Research and Development Expenses and Accrued Research and Development Expenses

Research and Development Expenses and Accrued Research and Development Expenses

Expenditures made for research and development are charged to expense as incurred. External costs consist primarily of payments to contract research organizations (CROs), contract development and manufacturing organizations (CDMOs), sample acquisition costs and laboratory supplies purchased in connection with the Company’s discovery and preclinical activities, and process development and clinical development activities. Internal costs consist primarily of employee-related costs, facilities, depreciation and costs related to compliance with regulatory requirements. Non-refundable advance payments for goods and services that will be used in future research and development activities are capitalized and recorded as expense in the period that the Company receives the goods or when services are performed.

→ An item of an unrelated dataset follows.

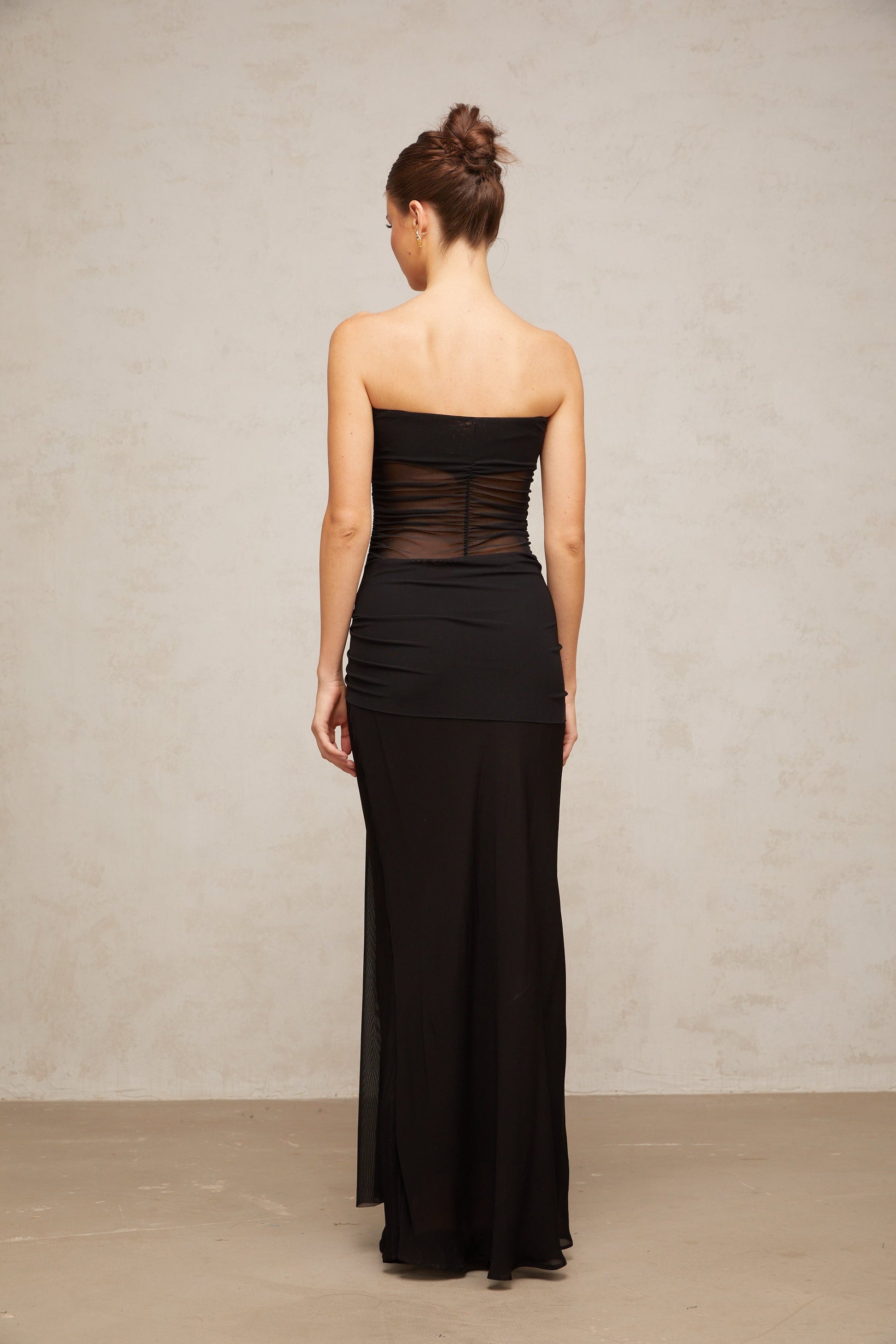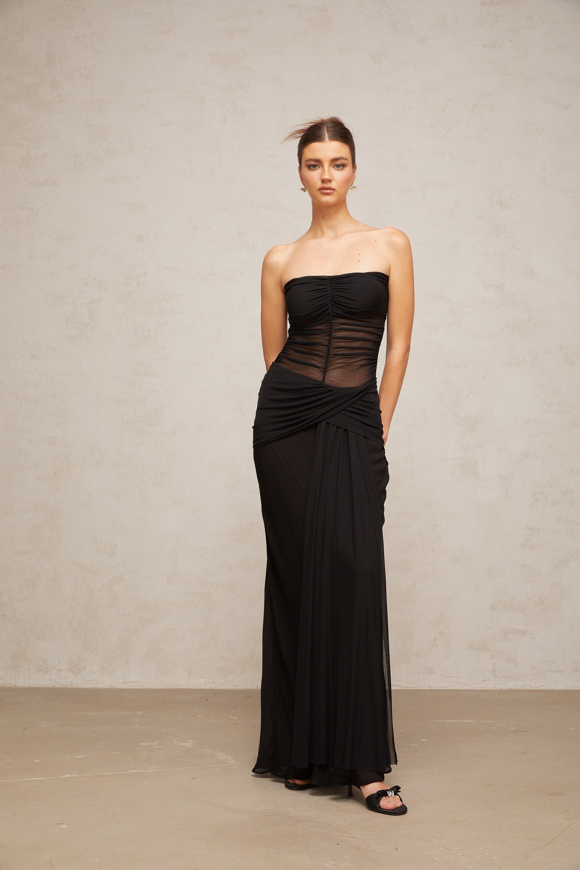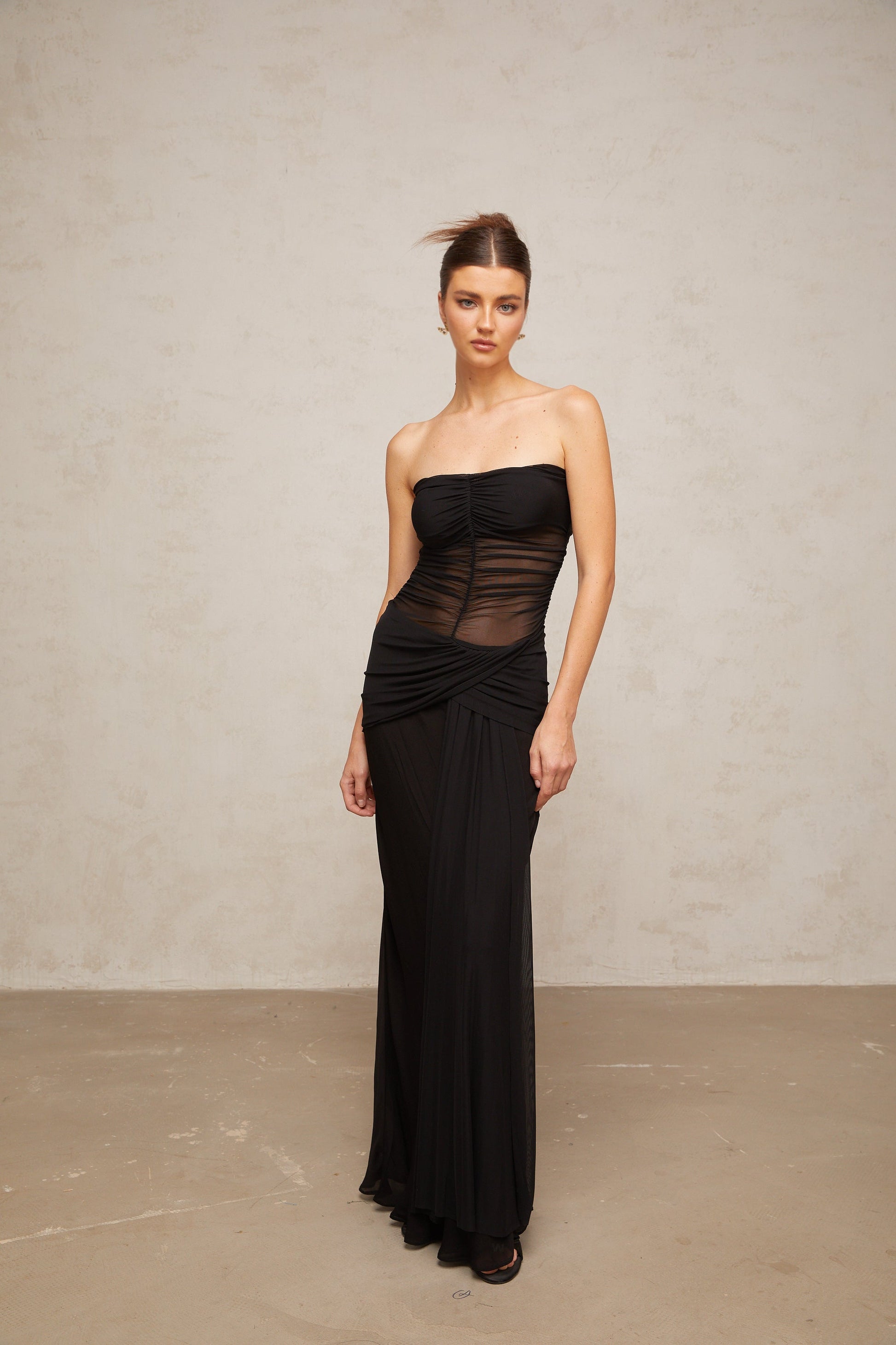 Justine black semi-sheer pleated tulle maxi dress

The Company records expenses related to external research and development services based on its estimates of the services received and efforts expended pursuant to quotes and contracts with multiple CROs and CDMOs that supply, conduct and manage preclinical studies and clinical trials on its behalf. The financial terms of these contracts vary from contract to contract and may result in payment flows that do not match the periods over which materials or services are provided under such contracts. In accruing service fees, the Company estimates the time period over which services will be performed and the level of effort to be expended in each period. If the actual timing of the performance of services or the level of effort varies from the estimate, the Company adjusts the accrual or the amount of prepaid expenses accordingly.

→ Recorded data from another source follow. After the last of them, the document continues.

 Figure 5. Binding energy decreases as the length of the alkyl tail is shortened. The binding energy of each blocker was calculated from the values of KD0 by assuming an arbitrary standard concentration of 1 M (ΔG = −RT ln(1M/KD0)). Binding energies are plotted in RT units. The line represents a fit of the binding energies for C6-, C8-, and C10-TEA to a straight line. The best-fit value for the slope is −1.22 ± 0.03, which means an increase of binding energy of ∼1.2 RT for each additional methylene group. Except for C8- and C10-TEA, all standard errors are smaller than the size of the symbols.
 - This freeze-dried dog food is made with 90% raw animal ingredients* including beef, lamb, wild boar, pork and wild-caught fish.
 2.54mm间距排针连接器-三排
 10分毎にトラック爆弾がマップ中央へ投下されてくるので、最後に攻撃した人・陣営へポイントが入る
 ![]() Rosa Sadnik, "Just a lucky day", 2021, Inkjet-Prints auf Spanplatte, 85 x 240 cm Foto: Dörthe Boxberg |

Emerging Growth Company Status

Emerging Growth Company Status

The Company is an “emerging growth company”, as defined in the Jumpstart Our Business Startups Act of 2012 (JOBS Act). Under the JOBS Act, emerging growth companies can take advantage of an extended transition period for complying with new or revised accounting standards, delaying the adoption of these accounting standards until they would apply to private companies. The Company has elected to use this extended transition period for complying with certain new or revised accounting standards that have different effective dates for public and private companies until the earlier of the date that it is (1) no longer an emerging growth company or (2) affirmatively and irrevocably opt out of the extended transition period provided in the JOBS Act. As a result, these financial statements may not be comparable to companies that comply with the new or revised accounting pronouncements as of public company effective dates.

Recently Issued Accounting Standards Not Yet Adopted

Recently Issued Accounting Standards Not Yet Adopted

In February 2016, the FASB issued ASU No. 2016-02, Leases (ASC Topic 842). The new guidance maintains two classifications of leases: finance leases, which replace capital leases, and operating leases. Lessees will need to recognize a right-of-use asset and a lease liability on the statement of financial position for those leases previously classified as operating leases under the old guidance. The liability will be equal to the present value of lease payments. The asset will be based on the liability, subject to adjustment, such as for direct costs. The accounting standard will be effective for the Company beginning January 1, 2022. The Company is currently evaluating the impact of the lease guidance on the Company’s financial statements.